**WHAT THE EXERCISE ASKS:** Give back every line of the material exactly. Skip the pictures.

**DATA SHOWN:**
◇ ◇ ◇ ◇ ◇
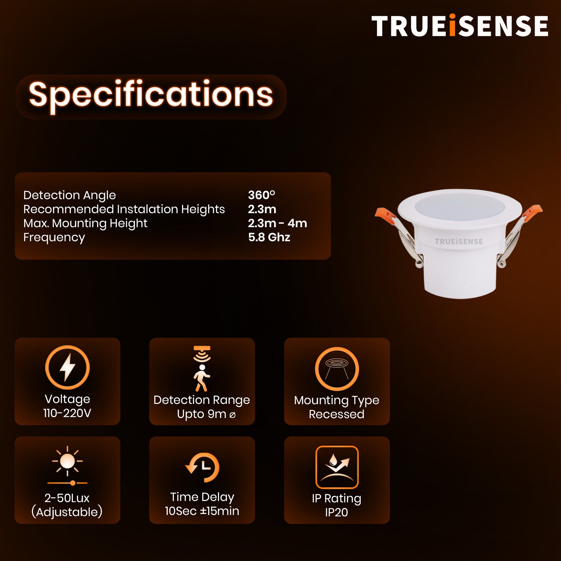 TRUEiSENSE | True Presence Sensor | OCT X LUO PRO | Auto On/Off | IP65 | Presence Round Bulkhead Light | Fully Automatic | Presence Detector
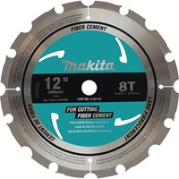 The Makita Polycrystaline Diamond Tipped Saw Blade is designed to work with 12" miter saws to make cuts in fiber cement materials. The PCD tips make the blade last 30 times longer than a standard carbide tipped blade. Those tips combined with the heat vents allow the blade to last 2.5 times longer than a standard blade.
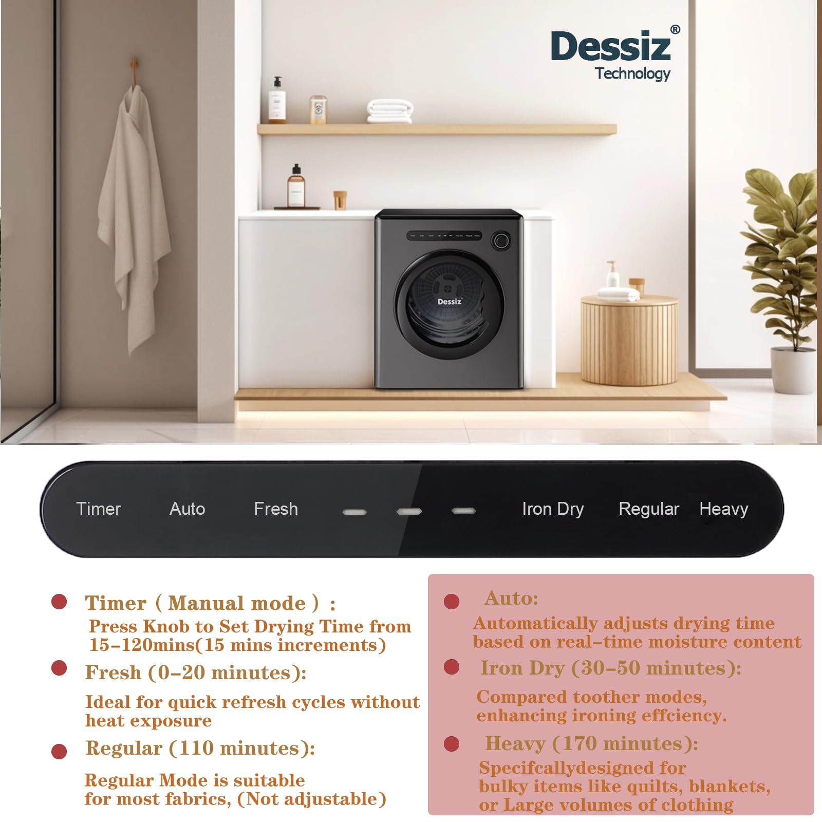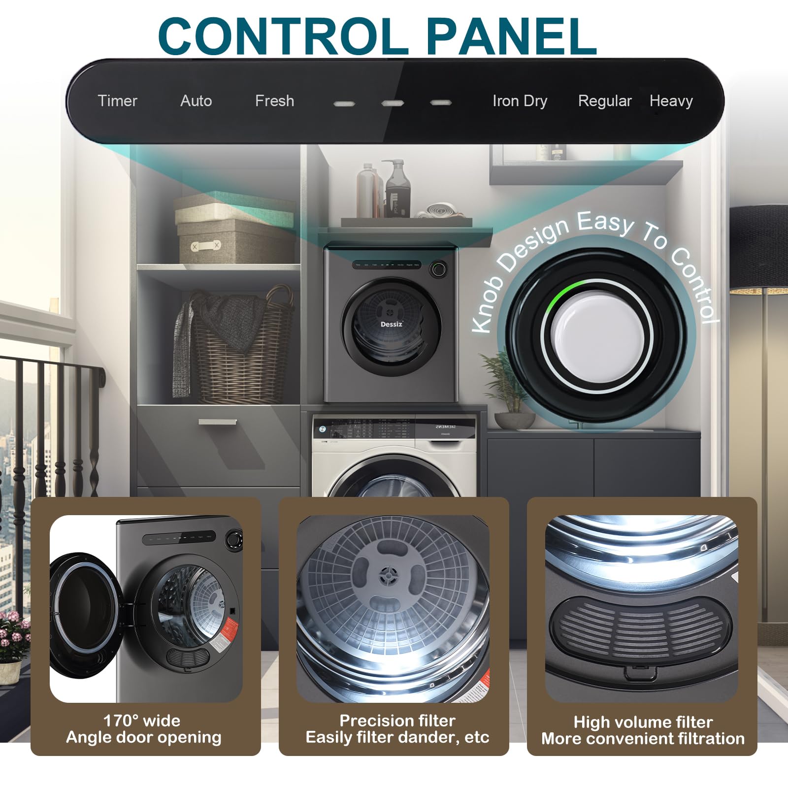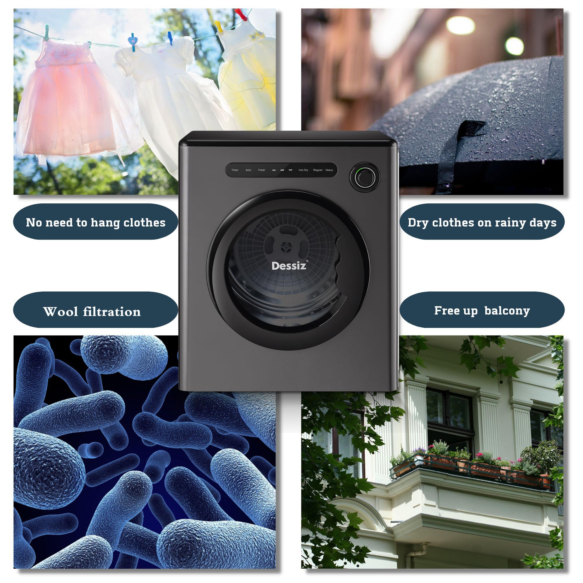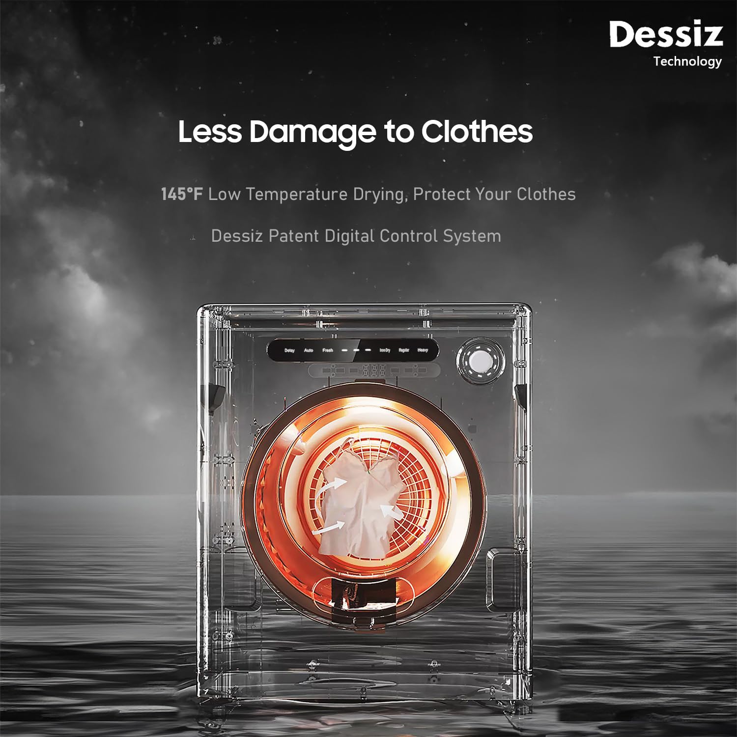 【Powerful Performance】:The Dessiz clothes dryer with 970W power and 11 pounds capacity(wet clothes), this dryer can ensure your clothes to be dry sooner. [For quickly drying clothes, we recommend not putting more than 5 kg of clothes at one time.]
◇ ◇ ◇ ◇ ◇
**REPLY TO THE EXERCISE:**
 TRUEiSENSE | True Presence Sensor | OCT X LUO PRO | Auto On/Off | IP65 | Presence Round Bulkhead Light | Fully Automatic | Presence Detector
 The Makita Polycrystaline Diamond Tipped Saw Blade is designed to work with 12" miter saws to make cuts in fiber cement materials. The PCD tips make the blade last 30 times longer than a standard carbide tipped blade. Those tips combined with the heat vents allow the blade to last 2.5 times longer than a standard blade.
 【Powerful Performance】:The Dessiz clothes dryer with 970W power and 11 pounds capacity(wet clothes), this dryer can ensure your clothes to be dry sooner. [For quickly drying clothes, we recommend not putting more than 5 kg of clothes at one time.]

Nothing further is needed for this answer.